Вспомнился Дунай возле Вуковара. Терпеливые, неудержимые воды. Вот и ему надо быть таким. Терпеливо ждать, пока не появится танк, пока дракон не высунет голову из пещеры. Пока Юн Карлсен не вернется домой. Взгляд уткнулся в чьи-то колени, остановившиеся перед ним.
Подняв голову, он увидел рыжеусого мужика с картонной кружкой в руке. Усач что-то сказал. Громко и сердито.
— Excuse me?
Усач ответил по-английски. Что-то насчет территории.
В кармане он чувствовал пистолет. С одной-единственной пулей. А потому достал из другого кармана большой острый осколок стекла. Попрошайка смерил его злобным взглядом, но убрался прочь.
Он не допускал мысли, что Юн Карлсен не придет. Парень должен прийти. А сам он пока будет как Дунай. Терпеливым, неудержимым.

 

— Заходите, — скомандовала статная добродушная женщина из квартиры Армии спасения на Якоб-Оллс-гате. Судя по выговору, норвежский она учила уже взрослой.

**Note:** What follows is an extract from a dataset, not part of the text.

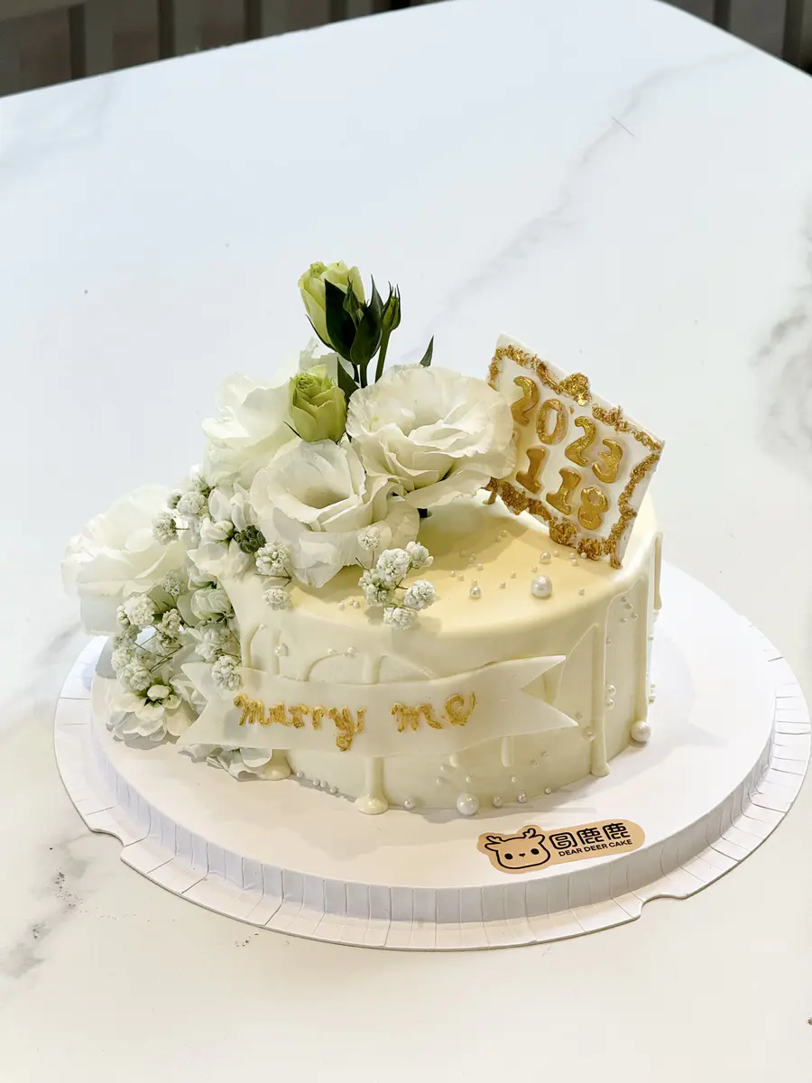 产品:求婚蛋糕 白色系鲜花翻糖定制款

— Надеюсь, мы не помешаем, — сказал Харри и вместе с Беатой Лённ вошел в коридор. Пол почти сплошь заставлен обувью всех размеров — от больших до маленьких.
Они хотели было разуться, но женщина жестом их остановила.

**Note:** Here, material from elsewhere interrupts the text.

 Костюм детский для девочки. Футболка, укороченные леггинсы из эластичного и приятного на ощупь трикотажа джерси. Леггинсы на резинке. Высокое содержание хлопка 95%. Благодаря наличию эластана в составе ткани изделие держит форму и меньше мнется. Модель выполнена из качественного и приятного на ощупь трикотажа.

— Холодно, — сказала она. — Есть хотите?
— Спасибо, я только что позавтракала, — ответила Беата.
Харри с улыбкой покачал головой.
Женщина провела их в комнату. За столом, по всей вероятности, собралась вся семья Михолеч: двое взрослых мужчин, мальчик в Олеговых годах, маленькая девчушка и девушка, должно быть София. Глаза прятались под черной челкой, на коленях у нее сидел младенец.
— Zdravo, — сказал старший из мужчин, худой, с тронутыми сединой, но густыми волосами и мрачным взглядом, хорошо знакомым Харри. Злой и опасливый взгляд изгнанника.
— Это мой муж, — сказала женщина. — Он понимает по-норвежски, но говорит плохо. А это дядя Иосип. Приехал в гости на Рождество. И мои дети.
— Все четверо? — спросила Беата.
— Да, — засмеялась хозяйка. — Последний дар Божий.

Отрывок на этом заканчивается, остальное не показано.